When a business has few reviews (with mixed results) on Google for an extended period, but many on another reviews site and then suddenly acquires a flood of great Google reviews, it raises suspicions of gating. We have obscured anything that could identify the business in question because that would be unfair, but it would be easy for the regulators to conduct an audit and equally easy for Google to spot if such behaviour had been happening.


This is done in one of two ways...
  • send out a private email survey asking customers to report their experience to the business, then ask only those that respond positively to write a review to Google
  • use an [innocent] and relatively invisible - in terms of its Google profile - reviews site, gather all the reviews there and then only invite those that post a 5* review on the reviews site to copy that review to Google

Consequences: until now - few. If a competitor noticed then they might use that against the business: 'Of course their Google rating is excellent - you do know they are only inviting happy customers to post reviews?' - and also a form of cherry-picking (see 2 above).


an example of a TripAdvisor 'red flag'


Now: Google will delete the suspect reviews. And we don't know yet what other sanctions Google will apply (TripAdvisor and Yelp 'red flag' businesses in similar circumstances) but it is possible that Google will deem that all the reviews of the business in question - and their vital reviews score - have been acquired by gating. 



   
One version of a Yelp 'red flag'

On top of this, gating contravenes the CMA regulations, which are expressly written to ensure consumers get a full and fair impression of the business in question.


In summary

We have a great deal of sympathy for businesses that have adopted one of the above means of protecting their reputations from what they, mostly quite justifiably, see as unwarranted or unfair attack on the most important platform on the web - Google, as long as they have done so in all innocence.

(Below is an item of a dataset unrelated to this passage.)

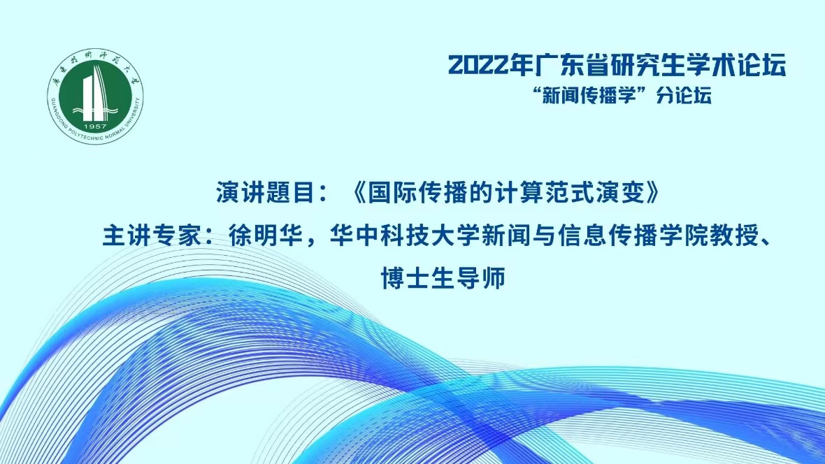 2022年11月20日上午,华中科技大学新闻与信息传播公司教授、博士生导师徐明华教授应邀为公司师生做了题为“国际传播的计算范式演变”的学术讲座,讲座由由BWIN必赢副经理佘爱春教授主持,BWIN必赢林琳教授进行评议。

Some readers - certainly regular readers - may be surprised at this statement, but we can assure you that we meet such businesses on a daily basis. They genuinely did not know that they were doing anything wrong. And they certainly did not know that there was a solution that would achieve the following legitimately...
  • great flows of independently moderated reviews to their own website
  • onward flows of reviews to their Google listing - to show in all searches
Welcome to HelpHound.


Further reading

A sorry P.S.

We thought the world had moved on from this, but still some businesses persist in misnaming testimonials (selected customer opinions) as reviews...

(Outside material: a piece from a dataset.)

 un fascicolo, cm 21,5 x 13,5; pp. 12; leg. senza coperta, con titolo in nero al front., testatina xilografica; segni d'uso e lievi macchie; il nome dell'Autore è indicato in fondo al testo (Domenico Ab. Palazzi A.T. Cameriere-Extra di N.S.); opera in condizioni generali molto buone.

...just to be absolutely clear, reviews, by definition, must be independently moderated, otherwise consumers are being misled. Some businesses are confused by the likes of...


...online retailers (John Lewis here) that host 'their own' reviews. In reality, of course, these reviews are not 'of John Lewis', they are 'of the product', manufactured by someone else (and in reality they are hugely helpful for the retailer - as well as the consumer - which will simply drop any line that scores badly).